2022-12-19 20:25:05 | 十地経

如来蔵という言葉があります

「蔵」という字も大事な

言葉で、

蔵という意味は

容器、穀倉、籠、

暗記されたものということで

お経も最初は

口伝えに暗唱されたもの

ということでしょう

仏教のすべての経典を

収めたものを「大蔵経」と

いいます

具体的には「三蔵」と

いいますが、詳しくは

経蔵・律蔵・論蔵という

のです。

それを略して経・律・論

といいます

この三つの蔵を修めた人を

三蔵法師といいます

玄奘三蔵が有名ですが

他にも三蔵と呼ばれる方は

いらっしゃいます

 

如来の蔵

如来を蔵している、という

ことですが、

講義では

 

「自分というものは、

仏教の立場からいうと、

如来をもっとるんです。

如来の行をもっとる、

本来はね。

 

だから、

私はどんなものであるか

というっことは、

私の判断では決まらんのです

 

それを決めてしまうところに

何か知らん、

非常に越権ということが

あるんですよ。

私は偉い者だという言い方は

まだ、

そう偉くないんだ

という具合に、

反省することができるけど、

 

私はあかん者だというのは、

もっと悪い判断なんだ。

わしは駄目だ者だという

ことがですね、

それは冒涜に近いですわわ。

自己冒涜というような

ものです。

 

そういうふうに、

自分を決めてしまう

ことがですね。

実は、

人間には、人間の分別では、

分別できないような、

大きな何かをもっとるんです

それを如来蔵というんです。

あるいは、仏性というような。

 

「如来において在るもの」

 

というんです。

何か、それが

一番いい言葉のようです。

 

ハイデッガーの言葉ですが

世界ない存在という。

世の中に生きている、

世の中においてあるもの

という意味が

人間なんですわね、

現実の人間と。

 

ところが、仏教では、

如来においてあるもの。

人間が如来をもっとる

といいうのは、

まあ、

人間の側からいうんだけど、

本来的な構造は、

 

そうじゃなしに、

如来において人間があるんだ

と。

人間が如来をもっとる

というんじゃない。

人間はかえって

如来を隠しているものだ。

隠れとるんじゃないと、

如来は。

人間の方が隠しとるんだと、

忘れとるんだと。

 

かえって、

人間は忘れても

如来は人間をもっとるんだ。

こういう構造ですね。
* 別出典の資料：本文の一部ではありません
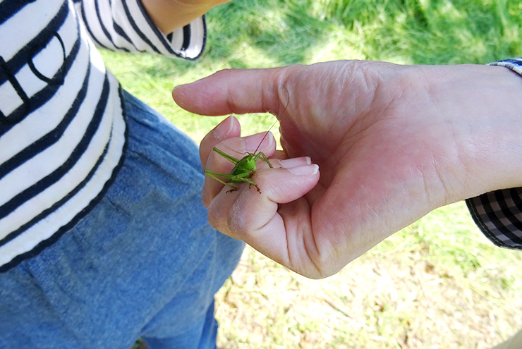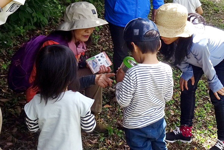 捕まえた虫を一生懸命観察しているお子さんの様子が背中からも伝わってきます。名前だけでなく、その生きものが、他の生きものや環境のつながりの中で、どんな役割を持っているか観察から発見を促すというのは素晴らしいアプローチです。

」

 

如来において人間がある。

如来が人間をもっとる。

人間が如来をもっとる

というんじゃない。

こういう文が続くのですが

なかなか、微妙な表現です

また、厳密な表現です

ここのところを取り違えると

大きな間違いを

犯してしまいます。

 

このことは引き続き

出て来ますの

注意深く読んでいきましょう。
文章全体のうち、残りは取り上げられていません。